## Aim of the exercise
Please copy the lines below, exactly as they are, from the one with "- Hotel & Resorts: Regal" through the one with "桂川の河川敷には草が茂ってい", and leave out the pictures.

## Data under study
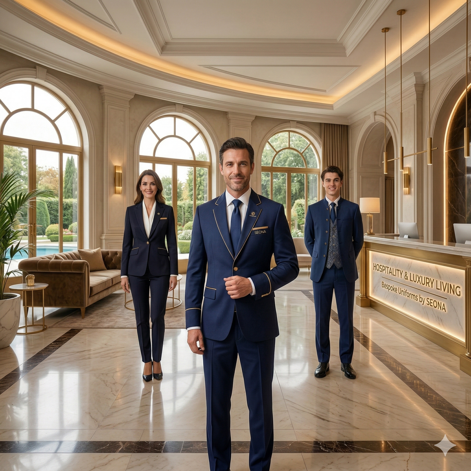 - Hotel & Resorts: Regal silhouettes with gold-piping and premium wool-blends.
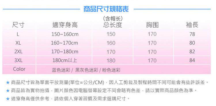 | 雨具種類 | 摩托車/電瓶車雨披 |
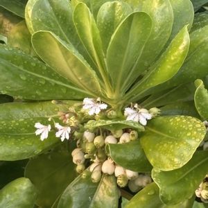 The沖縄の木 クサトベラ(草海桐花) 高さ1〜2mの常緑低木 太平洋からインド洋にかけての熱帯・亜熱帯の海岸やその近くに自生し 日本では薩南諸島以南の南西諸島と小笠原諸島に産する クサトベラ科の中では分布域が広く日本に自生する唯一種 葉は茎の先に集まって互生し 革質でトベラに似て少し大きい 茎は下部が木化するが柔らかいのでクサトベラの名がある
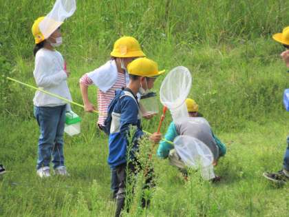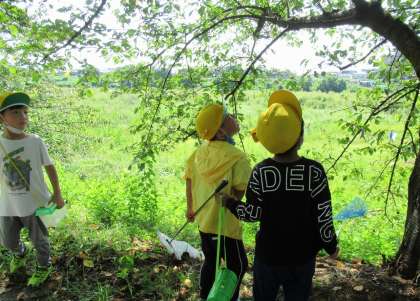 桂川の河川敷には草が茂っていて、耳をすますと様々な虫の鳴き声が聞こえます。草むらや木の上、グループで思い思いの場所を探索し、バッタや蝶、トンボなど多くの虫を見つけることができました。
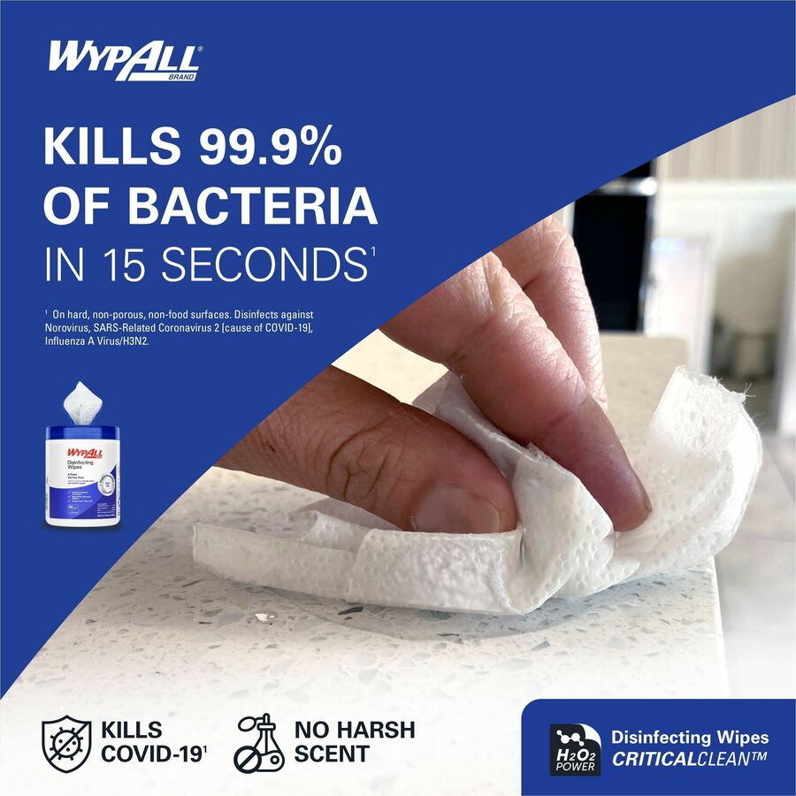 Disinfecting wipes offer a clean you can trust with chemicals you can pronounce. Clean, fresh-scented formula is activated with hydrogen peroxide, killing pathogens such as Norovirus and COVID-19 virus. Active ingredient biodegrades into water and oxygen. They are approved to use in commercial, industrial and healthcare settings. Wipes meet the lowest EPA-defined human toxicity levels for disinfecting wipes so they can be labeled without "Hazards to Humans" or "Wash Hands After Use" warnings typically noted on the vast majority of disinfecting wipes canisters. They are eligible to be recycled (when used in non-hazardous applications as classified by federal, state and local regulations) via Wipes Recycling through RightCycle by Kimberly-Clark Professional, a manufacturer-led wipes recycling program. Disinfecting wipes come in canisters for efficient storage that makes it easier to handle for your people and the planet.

...

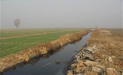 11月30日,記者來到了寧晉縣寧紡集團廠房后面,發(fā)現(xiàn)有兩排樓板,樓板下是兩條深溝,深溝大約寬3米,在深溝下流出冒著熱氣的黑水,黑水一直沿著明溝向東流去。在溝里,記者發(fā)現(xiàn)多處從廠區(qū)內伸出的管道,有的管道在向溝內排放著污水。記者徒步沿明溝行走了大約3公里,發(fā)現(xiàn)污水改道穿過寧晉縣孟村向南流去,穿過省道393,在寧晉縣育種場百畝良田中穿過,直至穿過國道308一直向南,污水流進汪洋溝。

## Expected answer
 - Hotel & Resorts: Regal silhouettes with gold-piping and premium wool-blends.
 | 雨具種類 | 摩托車/電瓶車雨披 |
 The沖縄の木 クサトベラ(草海桐花) 高さ1〜2mの常緑低木 太平洋からインド洋にかけての熱帯・亜熱帯の海岸やその近くに自生し 日本では薩南諸島以南の南西諸島と小笠原諸島に産する クサトベラ科の中では分布域が広く日本に自生する唯一種 葉は茎の先に集まって互生し 革質でトベラに似て少し大きい 茎は下部が木化するが柔らかいのでクサトベラの名がある
 桂川の河川敷には草が茂っていて、耳をすますと様々な虫の鳴き声が聞こえます。草むらや木の上、グループで思い思いの場所を探索し、バッタや蝶、トンボなど多くの虫を見つけることができました。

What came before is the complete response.